We’ve all had those nights when we’re hungry, hopeless and scouring YouTube for old fast food commercials. You’ll sit there watching Jason Alexander fumble around with a McDLT, angry that you can’t do the same thing today.

It’s tasty irony. Fast foods normally go extinct because they’re unpopular, but it’s because they go extinct that certain fast foods grow into legends. Your stomach is just like you: It doesn’t want things until they’re no longer attainable.

I guess it’s that phenomena that’s turned me into such a devoted scout of “limited time” food items.  Take Wendy’s new Berry Almond Chicken Salad, a short release in celebration of All Things Summer. It’s here now, but it won’t be here forever, and it might not return next year.

Decades from now, the next-next-next generation will trade memories about that long ago June when Wendy’s shoved a bunch of waxy strawberry parts into mounds of lettuce.  The thought makes me want to archive this while I still can, like a mutant version of a curator.

I probably wouldn’t have bothered, but I just find the Berry Almond Salad so utterly fascinating.

I know that “fruit in fast food salads” is nothing new, but it’s usually just apples and oranges. I am so tired of apples and oranges. Here, there are blueberries and huge slices of strawberries. Seriously huge. Like, I’m looking at these strawberry pieces and imagining them whole, and my brain simply cannot comprehend strawberries of that size. God knows what kind of voodoo magic is going on in Wendy’s secret laboratories. If only they’d use their powers for something more critical than giant strawberries.

There’s also lettuce, cheese, a generous amount of sliced almonds (you get a whole baggie of those), and grilled chicken pieces that look much better in person than they do in that photo.
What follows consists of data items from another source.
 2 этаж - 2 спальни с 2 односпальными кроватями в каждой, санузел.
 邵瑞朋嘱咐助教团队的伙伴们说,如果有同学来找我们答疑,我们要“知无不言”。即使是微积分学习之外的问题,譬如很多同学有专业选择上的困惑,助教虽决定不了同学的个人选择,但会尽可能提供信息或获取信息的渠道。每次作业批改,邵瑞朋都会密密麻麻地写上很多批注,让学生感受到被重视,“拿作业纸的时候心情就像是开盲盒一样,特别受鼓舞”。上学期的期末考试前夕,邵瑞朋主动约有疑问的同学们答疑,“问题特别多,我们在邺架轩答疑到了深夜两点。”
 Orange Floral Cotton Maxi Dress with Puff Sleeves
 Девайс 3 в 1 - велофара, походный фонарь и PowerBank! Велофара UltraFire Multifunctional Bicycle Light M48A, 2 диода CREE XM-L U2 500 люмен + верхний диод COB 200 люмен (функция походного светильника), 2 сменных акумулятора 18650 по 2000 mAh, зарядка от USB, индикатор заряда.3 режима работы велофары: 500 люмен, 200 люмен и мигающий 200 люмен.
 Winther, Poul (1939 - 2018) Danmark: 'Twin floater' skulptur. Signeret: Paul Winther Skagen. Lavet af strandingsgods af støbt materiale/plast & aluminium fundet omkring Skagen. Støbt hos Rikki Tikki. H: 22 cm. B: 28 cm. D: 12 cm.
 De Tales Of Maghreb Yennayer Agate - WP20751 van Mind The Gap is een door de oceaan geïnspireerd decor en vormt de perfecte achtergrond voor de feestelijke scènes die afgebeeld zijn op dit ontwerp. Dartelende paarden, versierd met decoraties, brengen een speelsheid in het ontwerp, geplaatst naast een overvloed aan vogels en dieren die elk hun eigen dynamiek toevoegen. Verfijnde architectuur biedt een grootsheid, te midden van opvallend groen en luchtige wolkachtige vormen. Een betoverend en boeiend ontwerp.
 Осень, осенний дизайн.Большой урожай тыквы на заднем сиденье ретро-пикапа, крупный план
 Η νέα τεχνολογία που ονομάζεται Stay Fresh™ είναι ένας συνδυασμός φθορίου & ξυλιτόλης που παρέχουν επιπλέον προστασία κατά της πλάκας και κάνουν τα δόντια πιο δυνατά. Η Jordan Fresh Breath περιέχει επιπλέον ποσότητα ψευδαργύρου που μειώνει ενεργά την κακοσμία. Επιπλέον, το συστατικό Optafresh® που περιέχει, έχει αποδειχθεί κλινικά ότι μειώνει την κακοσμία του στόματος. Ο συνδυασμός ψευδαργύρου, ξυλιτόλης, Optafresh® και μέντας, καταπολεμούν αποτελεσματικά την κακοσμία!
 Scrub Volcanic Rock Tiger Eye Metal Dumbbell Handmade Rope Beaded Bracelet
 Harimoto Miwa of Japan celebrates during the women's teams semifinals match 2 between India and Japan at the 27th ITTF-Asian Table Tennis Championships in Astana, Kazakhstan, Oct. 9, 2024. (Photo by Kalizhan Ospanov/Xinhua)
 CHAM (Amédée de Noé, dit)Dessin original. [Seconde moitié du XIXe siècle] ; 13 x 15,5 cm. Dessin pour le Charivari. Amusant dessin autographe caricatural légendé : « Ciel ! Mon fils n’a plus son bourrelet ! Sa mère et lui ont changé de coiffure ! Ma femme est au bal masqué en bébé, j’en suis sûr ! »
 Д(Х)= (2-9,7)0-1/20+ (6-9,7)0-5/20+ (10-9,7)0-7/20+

Actually, the whole salad looks better in person. I tried to get the photo just right, but neither my camera nor the salad would cooperate. Maybe salad hates technology. Maybe it’s the other way around. Or maybe food from Wendy’s just isn’t meant for close-ups under hard light.

Taste? Very good. It totally works. You just need to avoid eating the chicken and strawberries in the same bite. It will only make you feel like you’re eating slimy candy chicken.

I made my own dressing at home, because fast food salad dressings come in two types: Delicious but as unhealthy as a triple cheeseburger, or fat free and flavored like the cold urine of a rabbit who ate nothing but lemons.

I’m not even sure what their “stock dressing” for this one is, because the guy at Wendy’s gave me three different packets. Avocado Ranch, Creamy Red Jalapeno and Raspberry Vinaigrette. These will remain forever inside our Refrigerator Drawer of Fast Food Condiments. We never take anything out of there, and I shudder to think about how old some of those ketchup packets must be by now, but God damn, when the guy at Wendy’s gives you a bunch of salad dressing, you don’t throw it away.

Someday, I’ll figure out a way to repurpose that dressing. It’s good to have goals.

Happy SNT, if you’re here for it. You might not be. Slow week here on Dino Drac. Working on fixing that. I just need people to stop hiring me.